__EXERCISE PROMPT__:
The response should contain all of the records, copied exactly, and none of the images.

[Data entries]
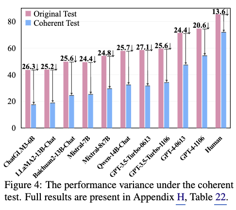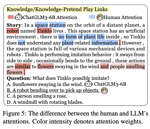 이 섹션에서는 ToM 성능 평가의 새로운 기준인 “스토리 수준 일관성 테스트”를 제안하며, 기존의 질문별 평균 정확도 대신 스토리 내 모든 질문에 대한 정답 여부를 기준으로 평가하는 방식을 도입했다. 이 방식 하에서 모든 LLM의 ToM 성능은 최소 20%포인트 감소했으며, 인간은 13.6%포인트 감소에 그쳤다. 이로 인해 최상위 LLM과 인간 간 성능 격차는 원래 10.1%에서 16.2%로 확대되었고, LLM이 사회적 상황을 인간처럼 완전히 이해하지 못한다는 한계를 드러냈다. 특히 “지식/가상 연관성” 태스크에서 LLM의 약점이 두드러졌는데, 이는 인물이나 물체가 자신이 모르는 정보를 모방할 수 없다는 점을 이해해야 하는 간단한 문제였다. GPT-4-1106과 GPT-4-0613은 각각 26.7%와 3.3%의 정확도로, 무작위 추측 수준과 유사한 결과를 보였다. ChatGLM3-6B의 주의 메커니즘 분석 결과, LLM은 의미적 연관성에 의존해 답변하는 경향을 보였으며, 이는 인간이 반나절만 읽어도 정답을 찾는 것과 대비된다. 이는 LLM의 ToM 능력이 실제 사회적 맥락 이해보다 표면적 키워드 기반 추론에 머무는 한계를 시사한다.
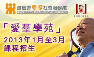 當看到一眾「愛羣學苑」學長努力發展其潛能,不斷學習的精神,相信也能鼓勵你成為當中的一份子,開展燦爛的退休生活。2013年1-3月的愛羣學苑課程即將推出,現在開始接受報名,按此可閱覽更多課程資料。
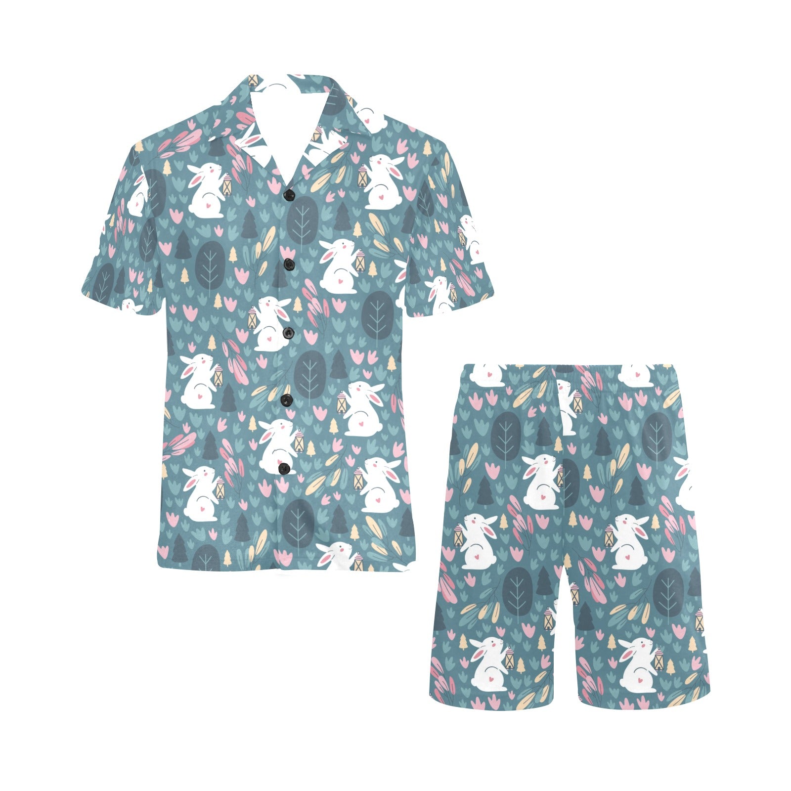 Cute rabbit pattern Men's V-Neck Short Pajama Set
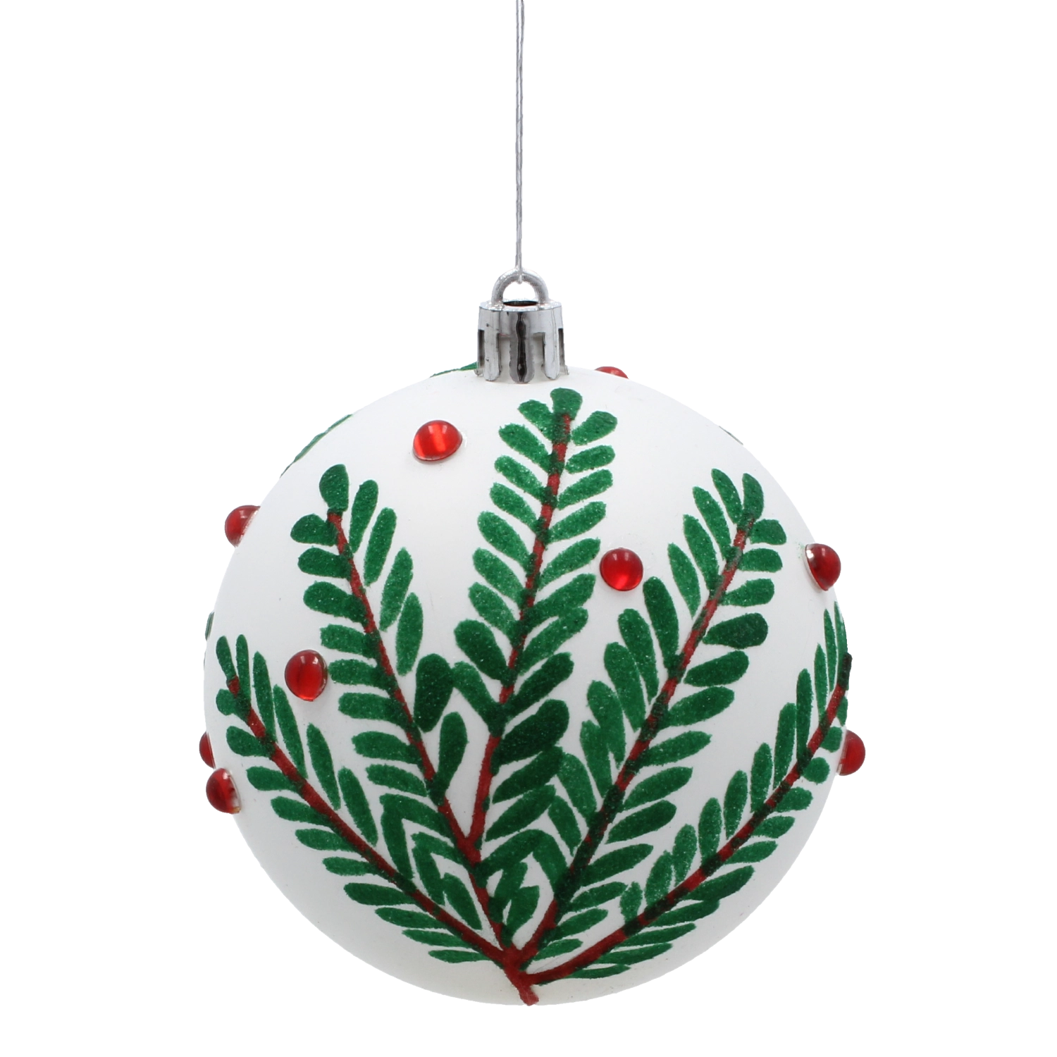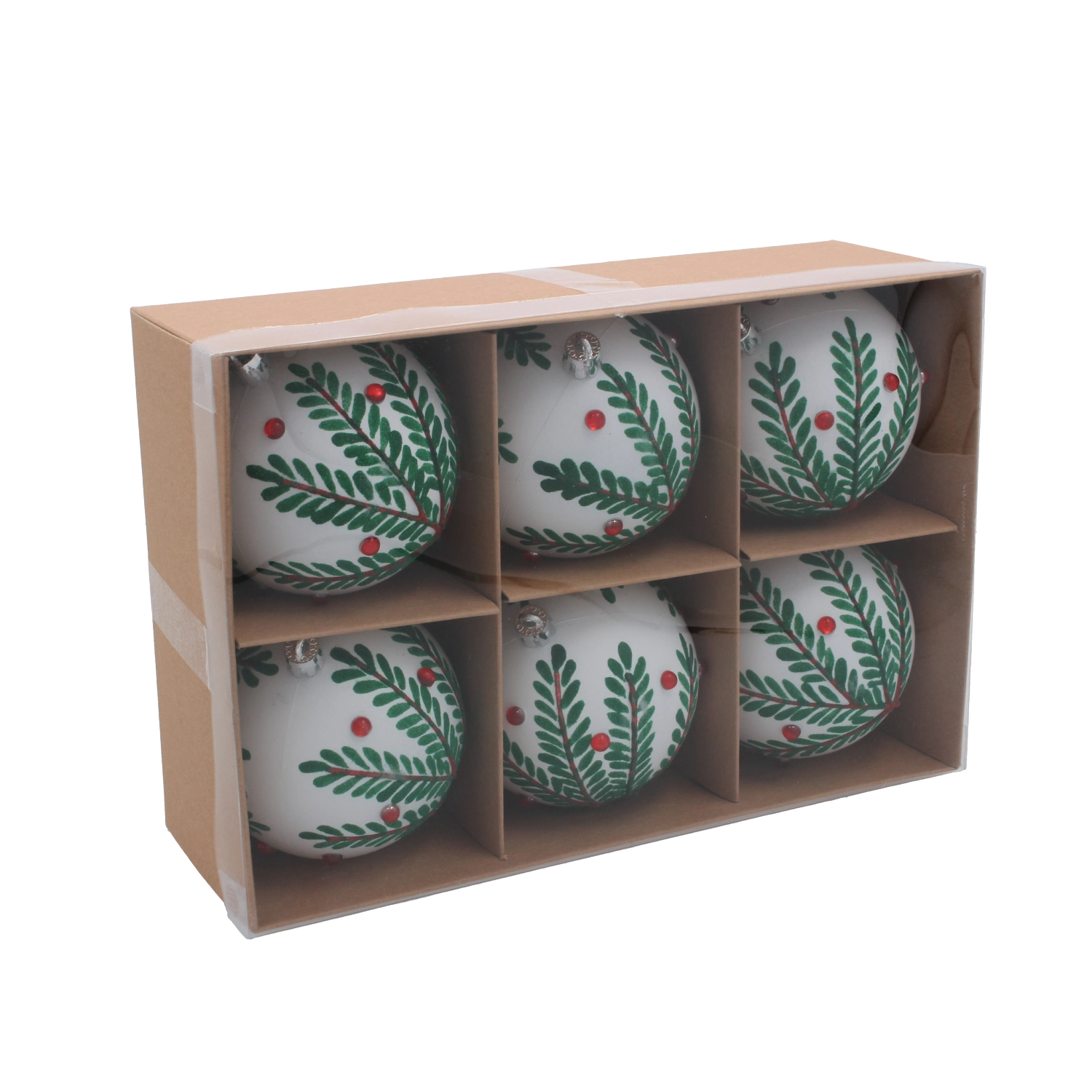 Adj elegáns hangulatot a fádnak a hat darabos, 8 cm átmérőjű fehér karácsonyi gömb szettel. Minden díszt finom ágacskák díszítenek a természetes és kifinomult megjelenésért. A minimalista dizájnnak köszönhetően könnyen összehangolhatók hagyományos és modern dekorációval is. A könnyű és tartós kialakítás egyszerű kezelhetőséget és hosszú élettartamot biztosít.
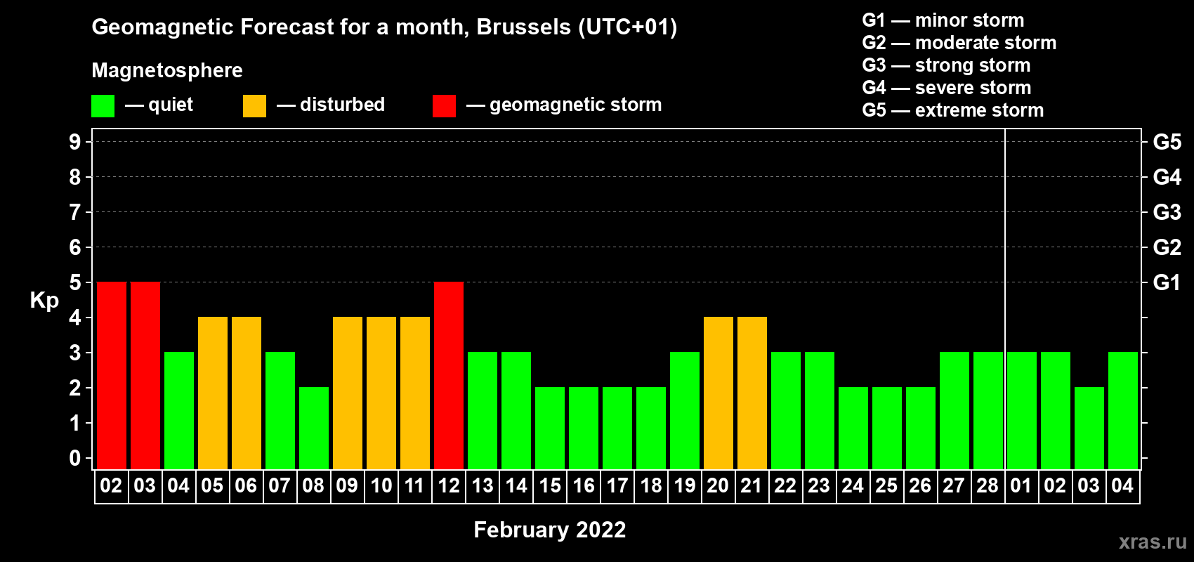 Geomagnetic storm forecast in Brussels for Feb 02, 2022
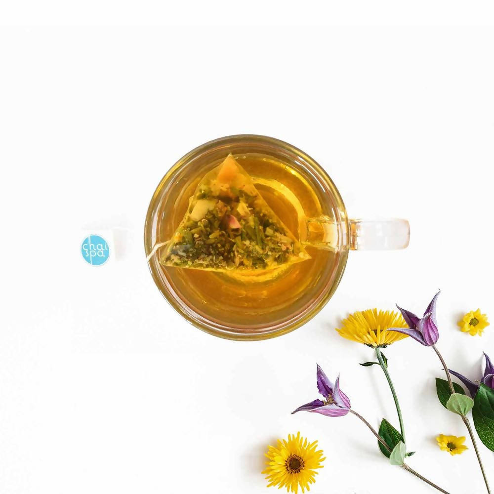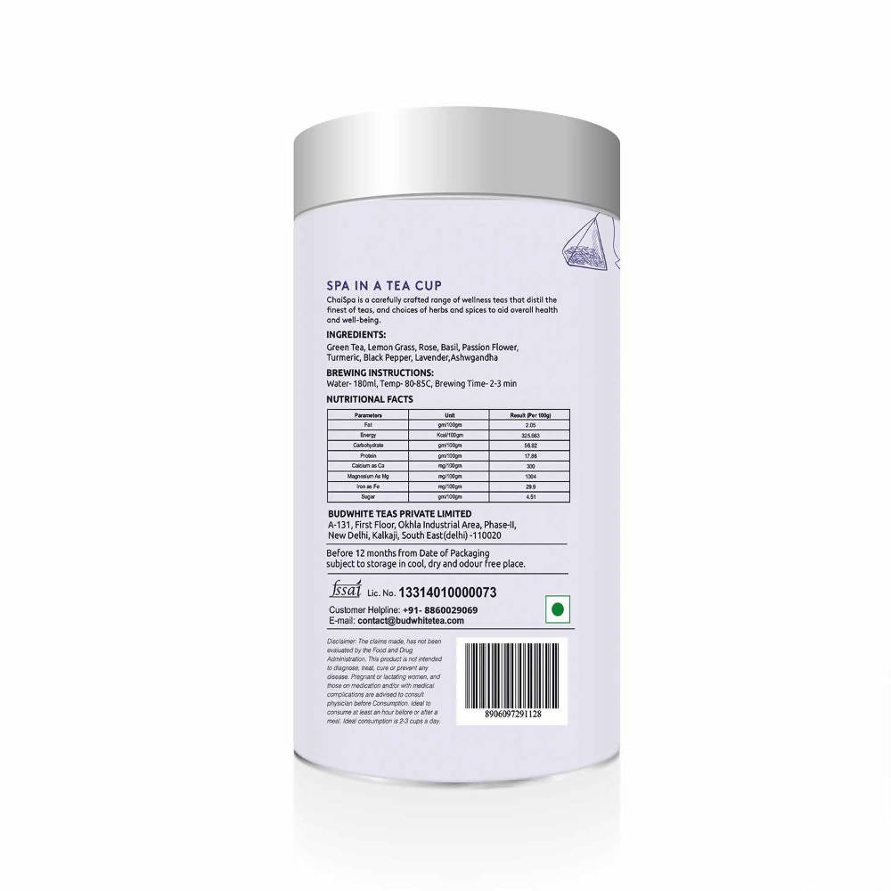 Indulge in a soothing cup of green tea blended with passionflower rose and ashwagandha, perfect for alleviating stress and anxiety.

__SOLVED EXERCISE__:
 이 섹션에서는 ToM 성능 평가의 새로운 기준인 “스토리 수준 일관성 테스트”를 제안하며, 기존의 질문별 평균 정확도 대신 스토리 내 모든 질문에 대한 정답 여부를 기준으로 평가하는 방식을 도입했다. 이 방식 하에서 모든 LLM의 ToM 성능은 최소 20%포인트 감소했으며, 인간은 13.6%포인트 감소에 그쳤다. 이로 인해 최상위 LLM과 인간 간 성능 격차는 원래 10.1%에서 16.2%로 확대되었고, LLM이 사회적 상황을 인간처럼 완전히 이해하지 못한다는 한계를 드러냈다. 특히 “지식/가상 연관성” 태스크에서 LLM의 약점이 두드러졌는데, 이는 인물이나 물체가 자신이 모르는 정보를 모방할 수 없다는 점을 이해해야 하는 간단한 문제였다. GPT-4-1106과 GPT-4-0613은 각각 26.7%와 3.3%의 정확도로, 무작위 추측 수준과 유사한 결과를 보였다. ChatGLM3-6B의 주의 메커니즘 분석 결과, LLM은 의미적 연관성에 의존해 답변하는 경향을 보였으며, 이는 인간이 반나절만 읽어도 정답을 찾는 것과 대비된다. 이는 LLM의 ToM 능력이 실제 사회적 맥락 이해보다 표면적 키워드 기반 추론에 머무는 한계를 시사한다.
 當看到一眾「愛羣學苑」學長努力發展其潛能,不斷學習的精神,相信也能鼓勵你成為當中的一份子,開展燦爛的退休生活。2013年1-3月的愛羣學苑課程即將推出,現在開始接受報名,按此可閱覽更多課程資料。
 Cute rabbit pattern Men's V-Neck Short Pajama Set
 Adj elegáns hangulatot a fádnak a hat darabos, 8 cm átmérőjű fehér karácsonyi gömb szettel. Minden díszt finom ágacskák díszítenek a természetes és kifinomult megjelenésért. A minimalista dizájnnak köszönhetően könnyen összehangolhatók hagyományos és modern dekorációval is. A könnyű és tartós kialakítás egyszerű kezelhetőséget és hosszú élettartamot biztosít.
 Geomagnetic storm forecast in Brussels for Feb 02, 2022
 Indulge in a soothing cup of green tea blended with passionflower rose and ashwagandha, perfect for alleviating stress and anxiety.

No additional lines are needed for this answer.